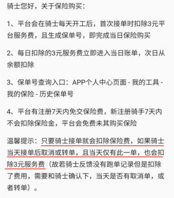 从网友提供的关于这笔保险说明的截图来看,图中这段表述很容易理解为,骑手被扣除的3元都被用于购买人身意外险了,但事实上,平台收取了其中的65%作为服务费,只有1.06元花在了保险上。换言之,一年365天的保费是386.9元,但骑手个人需要被扣1095元。
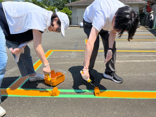 「バット博士記念ホーム」で、経年劣化により薄くなった駐車場の線を引きなおすボランティア
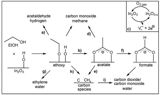 On the basis of a large number of experiments, which are detailed in [5,34], a reaction mechanism of EtOH gas sensing on In2O3 gas sensors was proposed (see Figure 8). In the following, we will summarize its main features. Adsorption of ethanol on the indium oxide surface leads to ethoxy formation, which can either desorb as acetaldehyde; (a) or react with surface hydroxyl groups to form acetate (b). In the course of the redox reaction indium oxide near the surface is reduced (c), releasing electrons in the conduction band thus inducing a decrease in the sensor resistance. A second contribution to the conductivity for ethanol gas sensing is the high stability of the adsorbed acetate. Only thermal decomposition of acetate (d,e) enables the sensor to start returning to its initial surface state, while in the presence of oxygen, acetate partly decomposes to formate-like species (f).
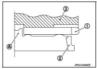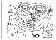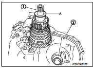 e. Install the dummy shim [1.60 mm (0.0630 in) thickness] (A) of dummy shim set [SST: KV32300QAN] to the mainshaft.
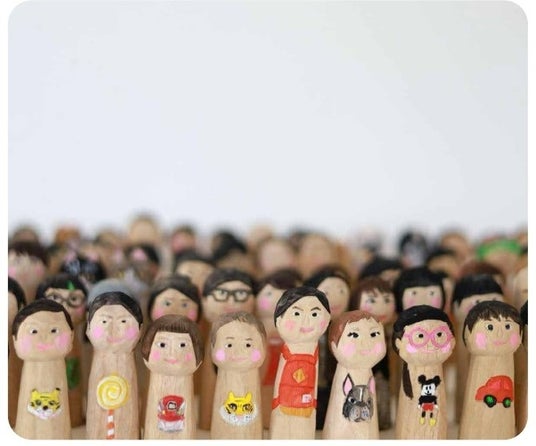 あらかじめ用意した、手のひらサイズのこけしの形をした木に、似顔絵を彫ります。顔を彫り、体部分に動物や食べ物、お名前など好きなモチーフを彫り、色を塗ったら完成。約30分ほどでできあがるので、作っている間はその場で見守るもよし、お買物を楽しむもよし。

________________________

(YOUR OBJECTIVE):
Repeat the material above exactly; any picture in it is left out.

(EXERCISE RESPONSE):
 从网友提供的关于这笔保险说明的截图来看,图中这段表述很容易理解为,骑手被扣除的3元都被用于购买人身意外险了,但事实上,平台收取了其中的65%作为服务费,只有1.06元花在了保险上。换言之,一年365天的保费是386.9元,但骑手个人需要被扣1095元。
 「バット博士記念ホーム」で、経年劣化により薄くなった駐車場の線を引きなおすボランティア
 On the basis of a large number of experiments, which are detailed in [5,34], a reaction mechanism of EtOH gas sensing on In2O3 gas sensors was proposed (see Figure 8). In the following, we will summarize its main features. Adsorption of ethanol on the indium oxide surface leads to ethoxy formation, which can either desorb as acetaldehyde; (a) or react with surface hydroxyl groups to form acetate (b). In the course of the redox reaction indium oxide near the surface is reduced (c), releasing electrons in the conduction band thus inducing a decrease in the sensor resistance. A second contribution to the conductivity for ethanol gas sensing is the high stability of the adsorbed acetate. Only thermal decomposition of acetate (d,e) enables the sensor to start returning to its initial surface state, while in the presence of oxygen, acetate partly decomposes to formate-like species (f).
 e. Install the dummy shim [1.60 mm (0.0630 in) thickness] (A) of dummy shim set [SST: KV32300QAN] to the mainshaft.
 あらかじめ用意した、手のひらサイズのこけしの形をした木に、似顔絵を彫ります。顔を彫り、体部分に動物や食べ物、お名前など好きなモチーフを彫り、色を塗ったら完成。約30分ほどでできあがるので、作っている間はその場で見守るもよし、お買物を楽しむもよし。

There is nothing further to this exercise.